The thing about striving... is that its often a mistake.
Its been a while since I've sat down to write. Not for lack of material, but for lack of inspiration. For lack of some positive nugget of substantial worth to share. And Im not in the mood to write about trips and circumstance and...fluff.
I've sort of been living life in a head-above-water state of mind for the past couple of months. I've been heavy-laden in my heart and in my mind. I've been stressed out. Extremely stressed out. I've been sort of trudging along pushing this load of worry and anxiety and responsibility up this giant hill, straining harder and growing wearier by the day before realizing, something's gotta give. Ever feel like you're a hamster in a wheel? Spinning and spinning and trying so hard, and bless your heart, just not getting to any real destination?
I opened my favorite daily devotional two days ago and was hit by the force of the first few sentences. A truth I could cling to like a life saving anchor when drifting afloat on the waves of my own concerns. It read,
2 Timothy 2:24 "The servant of the Lord must not strive."
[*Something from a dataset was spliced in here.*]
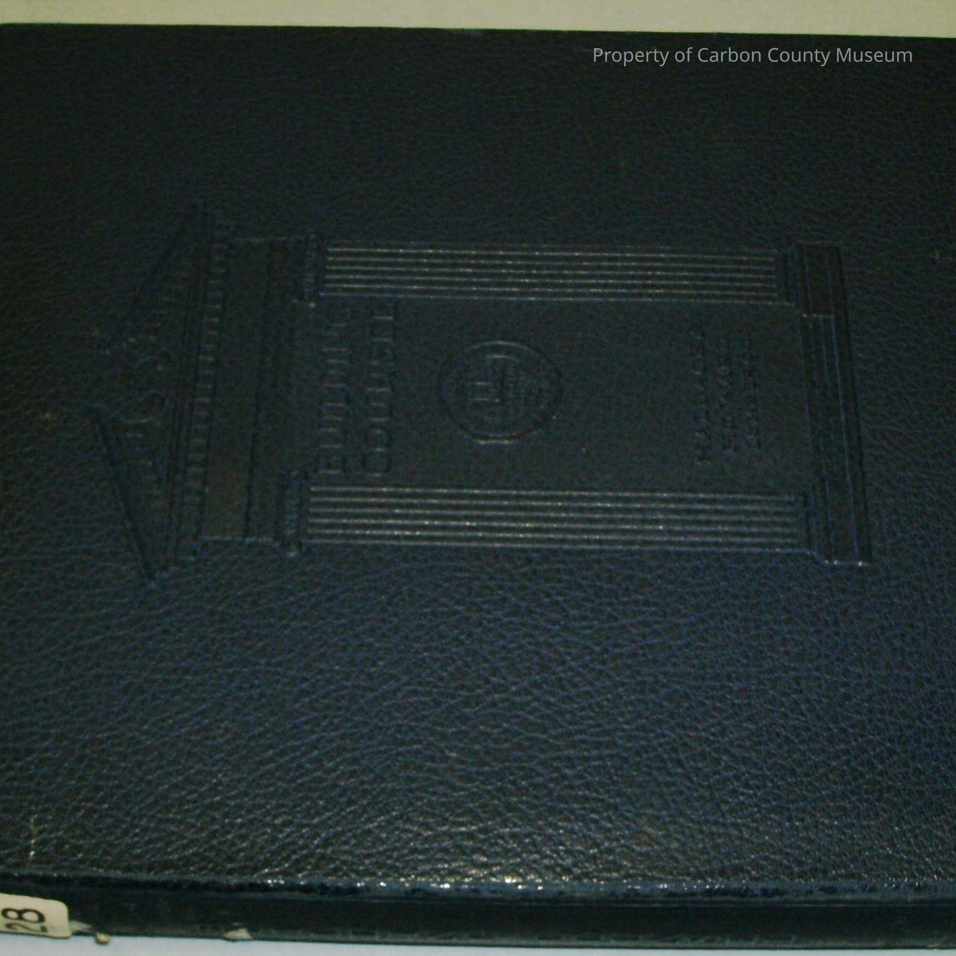 A very dark navy blue three ring binder used as a photograph album. Center front of cover has embossed "Building Counsel-Halleck & Howard Lumber Co." at center. the upper spine has a tiny white sticker with the #28 written in black ink. Inside the front cover is a 1 3/4" x 1 1/4'" sticker with "Dixie" written in ink on it, also printed are the words Jade& Minerals, both are crossed out. Below them is printed "Strattons I". the binder measures 11 1/2" x 9 1/2" x 1 1/2" thick. The donor used this book as a photo album of friends and neighbors ca. 1920-1950. First 13 pages of photographs concern Dixie and Orlando Peterson, their family pets and forest edge ranch home south of Tullis. They were Larsen's Ranch neighbors. Included also are Peterson's son-in-law, Vern Phillips, wife and family, their daughter Lyn, (Mrs. Robert F. Finsey), Encampment Artist. Marlis family and home; Bob and Pat Ivey. Clippings from the Daily Times about Tom Sun, his arrival, his ranch and his wife; Sweetwater Country around the Sun's Ranch; Devil's Gate, Sun Ranch Fireplace; Grant Family, Baltimore, MD; Martha L. Butter field and the Frank Genite Family; Little Snake River ranchers and friends, including: Dove Helwick, the McCaries (McCarys); the Wrens, Danfords, McCargers; Laramores, Jessmers, Yousts, and Bill and Jo Duncan, George Sheehan, Dutch Morgan.

"Be careful that you are following Me, and I will care for all else. Striving is for those who have not yet learned to trust Me. Anxiety is the affliction of the self-possessed."
So often as believers, we strive where we ought not. And in the striving, we become obsessed with our own problems. We worry and fret. Will it work out? Will it get easier? Will I get what I want? We pray, even. We ask and ask for what we think we should have. When really, we should trust. We should rest. We should have the faith to know that our times are in His hands. That if His eye is on the sparrow, then surely it watches over me?
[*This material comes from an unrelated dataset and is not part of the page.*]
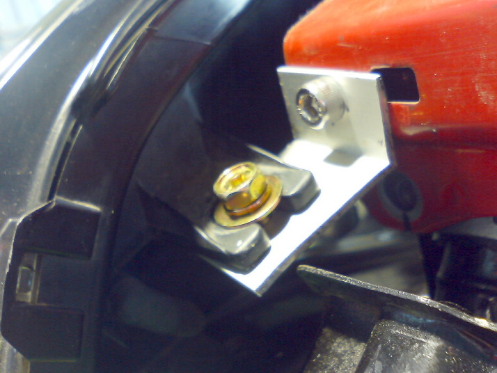 とりあえず両面テープでライトにアングル材を固定、ボディ側の純正ライト固定用のブラケットからステーを伸ばして仮固定。

I am not talking about walking around in some kind of ooky-spooky spiritual misty fog. Lord knows each day is filled with its own tasks and realities that require action and courage and forward motion. But is all of the striving really necessary? I think maybe its not. Not always anyway.
Maybe if I excersize a little more faith and a little less concern for my own comforts, I'll live a life of a little more substance. And every little bit counts.